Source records
###

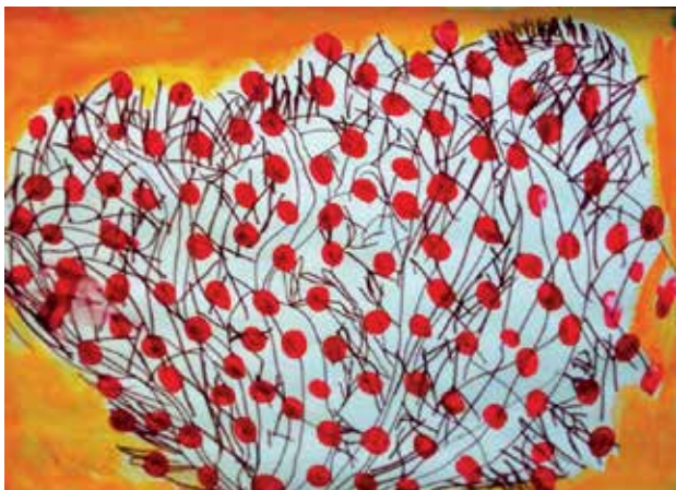
Slika 5: Šipkov grm 2 z odtisi prstov in vodenimi barvicami

In lahko ga predrugačimo, če se zavedamo, da se skozi risbo odraža otrokovo razmišljanje in čustvovanje, tudi njegovo razumevanje sveta (Jontes, 2007). Po Platonovo bi lahko rekli, da je lepo tisto, kar je dobro (in obratno). Kaj je torej dobro? To, da otrok pri risanju občuti svobodo in vznesenost nad ustvarjanjem in da je potem to potrjeno tudi s strani učitelja. Svoboda, igrivost in užitek so pomembni dejavniki pri ustvarjanju, tako odraslem kot otroškem (Kudielka, 2009). Kar ne pomeni, da otrok, ko je že sposoben ustvariti nekaj po načrtu, čečka brez cilja, šprica naokrog in packa po mili volji. Vseeno ga usmerjamo k likovni nalogi, vendar ne uničimo njegovega veselja ob nastajanju nečesa likovnega. Včasih naredimo več škode, če se vtikamo v otrokovo risanje ali slikanje, kot če mu pustimo, da zaorje v barve ali se zaplete v črte. Če vidimo, da je otrok
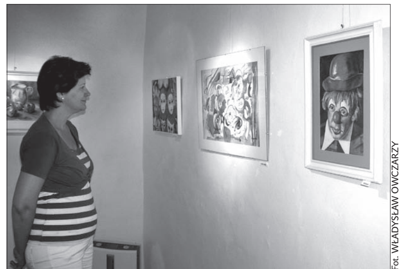
Wystawa tym razem jest trochę skromniejsza i nie wykorzystuje renesansowej sklepionej piwnicy ratusza.
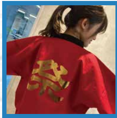
法被 コットン100% 天竺織生地
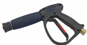
24100227 Poignée-pistolet swivel
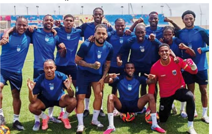
فرحة لاعبي الرأس الأخضر بالتأهل لكأس العالم
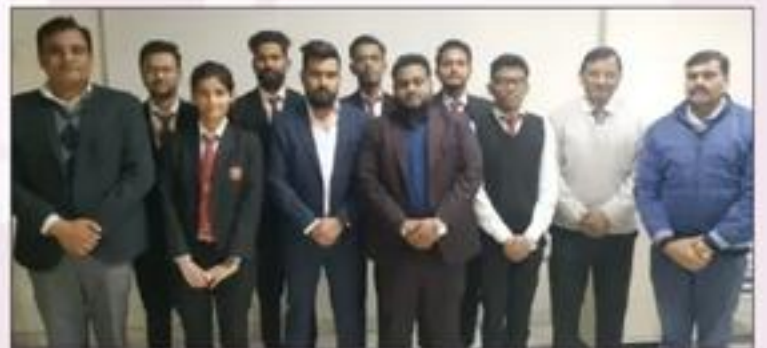
Recruitment Drive of Investors Clinic Infratech Pvt. Ltd.
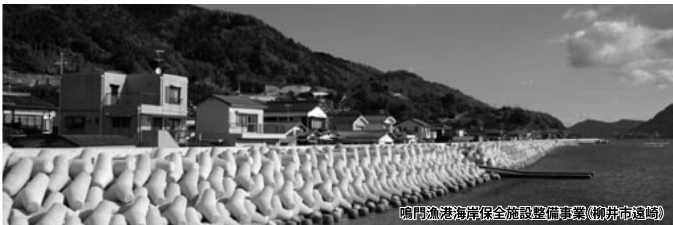
鳴門漁港海岸保全施設整備事業(柳井市遠崎)
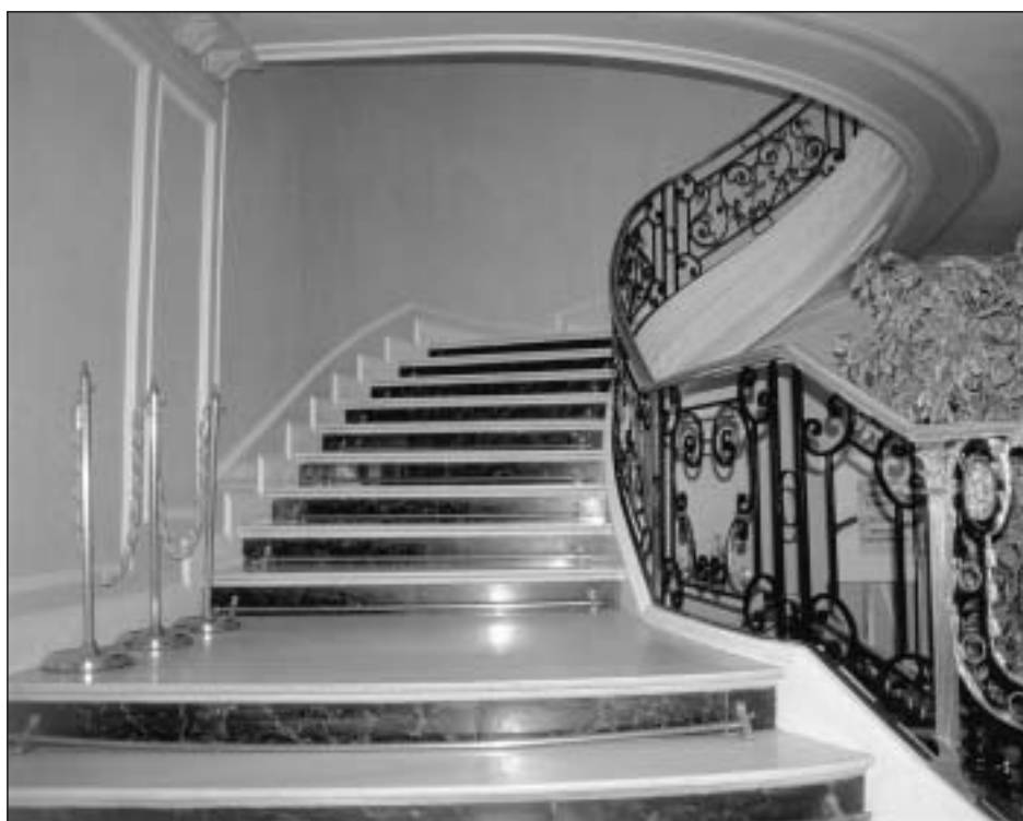
Lám. 24. Pamplona. Chalet de Izu. Escalera interior
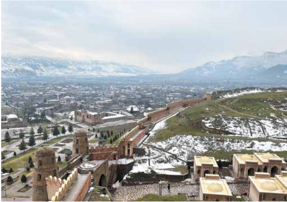
Гиссарская крепость — историко-культурный памятник в Таджикистане возрастом около 2500 лет
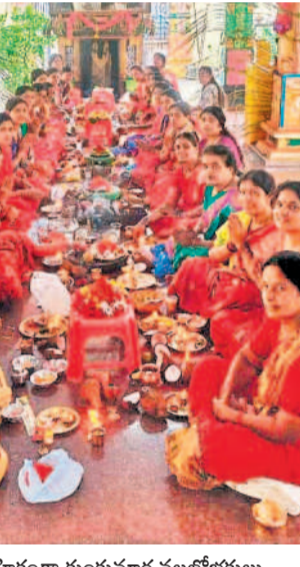
సామాజికంగా కుంకుమార్చనలో భక్తులు
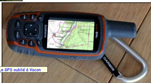
Le GPS oublié à Vacon
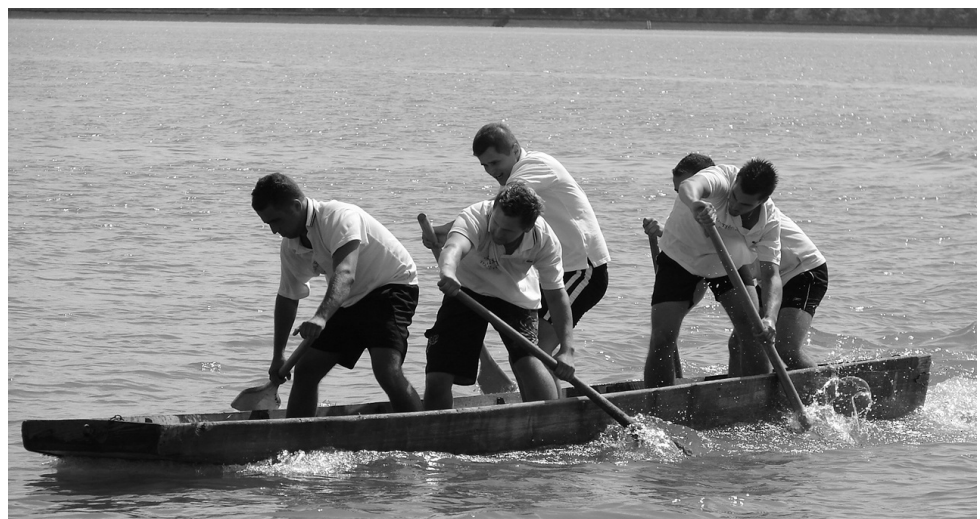
Zmagovalci druge Korantove rancarije - ekipa Gostišče pri Tonetu

Organizatorji so bili z izvedbo dogodka zadovoljni, saj se je prijavilo in tekmovalo več ekip kot lansko leto. Vroč sobotni popoldan pa je na obrežje ptujskega jezera pritegnil tudi številne navijače, ki so stiskali pesti in glasno navijali za svoje ekipe. V veslanju z lesenimi rancami je v moški konkurenci, tako kot lani, tudi letos slavila ekipa Gostišče pri Tonetu, druga je bila ekipa Razjarniki iz Zabovcev, tretja pa ekipa Športnega društva Spuhlja. Med ženskami je slavila ekipa Runda Bar, druge so bile Žabice in tretje Reglače. Omenjene ekipe so prejele pokale in denarne nagrade, za tekmovalce, oziroma za vse ekipe, pa so organizatorji pripravili tudi priznanja za sodelovanje, spominske majice in ma-

###

__ABOUT THIS EXERCISE__:
Your copy should hold exactly the lines from the one with "Le GPS oublié à Vacon" through the final line of the records, both ends included, and no pictures.

__ANSWER SPACE__:
Le GPS oublié à Vacon
Zmagovalci druge Korantove rancarije - ekipa Gostišče pri Tonetu

Organizatorji so bili z izvedbo dogodka zadovoljni, saj se je prijavilo in tekmovalo več ekip kot lansko leto. Vroč sobotni popoldan pa je na obrežje ptujskega jezera pritegnil tudi številne navijače, ki so stiskali pesti in glasno navijali za svoje ekipe. V veslanju z lesenimi rancami je v moški konkurenci, tako kot lani, tudi letos slavila ekipa Gostišče pri Tonetu, druga je bila ekipa Razjarniki iz Zabovcev, tretja pa ekipa Športnega društva Spuhlja. Med ženskami je slavila ekipa Runda Bar, druge so bile Žabice in tretje Reglače. Omenjene ekipe so prejele pokale in denarne nagrade, za tekmovalce, oziroma za vse ekipe, pa so organizatorji pripravili tudi priznanja za sodelovanje, spominske majice in ma-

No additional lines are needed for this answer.